Esses esforços ficam evidentes em Viznar, vilarejo situado nas montanhas próximas a Granada. Um time de arqueólogos vem escavando o barranco em que os avôs de Ángela e de Jiménez foram enterrados com cerca de 280 outros corpos —um deles possivelmente pertence ao poeta Federico García Lorca.

Um porta-voz do PP afirmou que as exumações podem continuar após as eleições, dizendo que as famílias espanholas "têm o direito de recuperar os corpos de seus entes queridos". Mas muitas delas dizem se lembrar de como o ex-premiê Mariano Rajoy, conservador, gabou-se de ter reduzido a zero o financiamento público para a lei de memória de 2007.

A possibilidade de uma aliança nacional entre o PP e o Vox –que, segundo indicam as pesquisas, seria a única maneira de a direita obter maioria no Parlamento— veio exacerbar esses receios.

Nas últimas semanas, famílias de vítimas da ditadura acompanham ansiosamente as ações de coalizões formadas entre os dois partidos após as eleições regionais de maio.

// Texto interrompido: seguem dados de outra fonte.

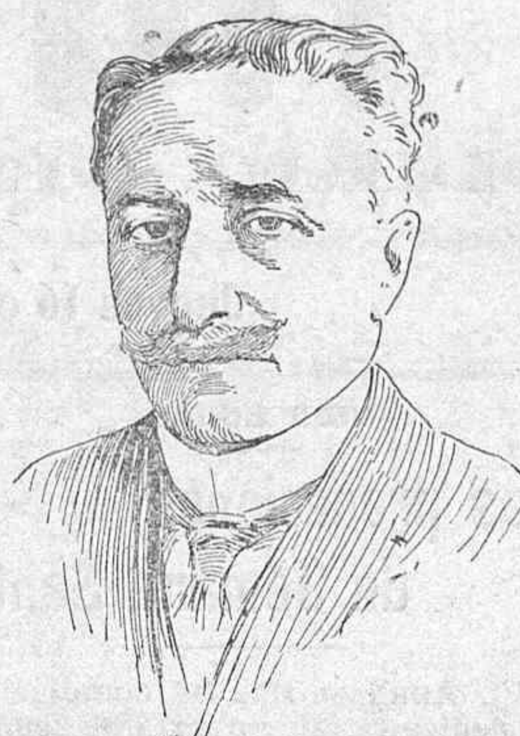
1.º Mr. Poincaré.—2.º Mr. Ribot.—3.º Mr. Deschanel.

Mañana, día 17, en el histórico palacio de Versalles, se reunirán las Cámaras francesas para elegir al sucesor de monsieur Fallières.

Quase todas elas têm planos para silenciar seus projetos relacionados à memória.

"O governo central é nossa última esperança, nosso Álamo", diz Matías Alonso Blasco, em referência à fortaleza massacrada por tropas mexicanas quando o Texas se tornou independente e se anexou aos EUA. "Se ele cair, estará tudo acabado", prossegue ele, que representa famílias na região de Valencia.

A localidade passou recentemente a ser governada pela direita, que anunciou a revogação das "normas que atacam a reconciliação em questões históricas". Muitos interpretaram isso como uma alusão à lei de memória local, promulgada em 2017, que ajudou a possibilitar que dois terços das 600 valas comuns da região fossem escavados.